Mirror auto-promotion. A returned URL that holds the truth token is promoted into the equivalence class (logged to adjudication), so an unanticipated mirror is never scored as a false miss.

§ 07

Replicate this

web_search-2026-q3

Download the public data. Two engine-exported, salt-free files ship in the API: web_search-2026-q3-rows.json (the 299 queries plus accepted golden-URL equivalence_members and truth tokens) and web_search-2026-q3-results.json (the per-(vendor,rep) hit@k outcomes).

Method. Re-issue each row's descriptive query to a vendor, normalize URLs, and check set-membership against equivalence_members; or audit the recorded results directly. Scoring is deterministic set membership — there is no LLM judge.

Pipeline (GoldenEvalWebSearch engine). pump → verify → split → reslice → probe → report.

Why the private 30% stays uncomputable. Holdout rows are withheld and the HMAC split salt is never published.

§ 08

Independence & funding

arlen/bench is an independent, self-funded project by Arlen Kumar. No vendor pays for placement, ranking, or review, and no vendor funds the project; the only money involved is out-of-pocket vendor API spend for the runs. Independence here is not just asserted — it is checkable: the full scoring harness is open source (GoldenEvalWebSearch on GitHub) and the public-split rows and per-vendor results ship as JSON, so anyone can re-run the benchmark and confirm the numbers independently.
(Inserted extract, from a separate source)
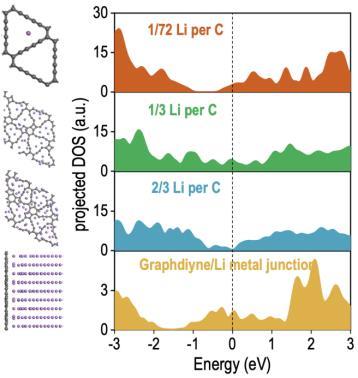 圖丨石墨炔和不同量的鋰原子接觸時(shí),碳元素的投影態(tài)密度圖(來源:羅光富,絡(luò)繹知圖整理)

Vendors are entitled to a documented right of reply — corrections are published, not negotiated. There is no third-party audit of web_search-2026-q3 yet (web_extraction-2026-q2 carries an independent 20% human audit); until there is, treat web_search as a reproducible result rather than an audited one.

§ 09

How the golden set is selected (and why it resists selection bias)
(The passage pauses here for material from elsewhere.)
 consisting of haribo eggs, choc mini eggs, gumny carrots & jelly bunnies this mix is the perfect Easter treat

The golden set is not hand-picked queries — it is a registry-delta pump: rows are real, recently-published documents drawn deterministically from authoritative registries (US Federal Register, SEC EDGAR, NVD CVE, GitHub Releases). For each, the correct answer is the canonical registry URL (plus verified mirrors), the truth token is the document's own identifier (FR doc number, SEC accession, CVE ID), and the query is a descriptive, token-stripped ask. Because rows come from a registry delta rather than an author choosing queries, the cohort cannot be quietly curated toward any vendor's strengths. The web_search-2026-q3 public split is n=299 (expanded from the prior 62-row probe; the cohort continues to grow toward 435 public rows). Disclosed skew: the current cohort over-represents government / financial / security / software-release documents and English text; broadening the source mix is an open work item, so a reader should read the numbers as 'accuracy on authoritative-registry lookups,' not 'all web search.' The 30% private holdout (HMAC-split, salt withheld) guards against overfitting; the public/holdout overfit gap is published per snapshot.

§ 10

Cost & latency measurement conditions

Cost-per-correct and latency are not measured in web_search-2026-q3 (they render as em-dash, pending). When they are measured, the snapshot will disclose the exact conditions that move them: vendor plan tier, region, concurrency, and the date pricing was captured (pricing is the most perishable figure on the page). No cost or latency leader is claimed until those conditions are pinned and published.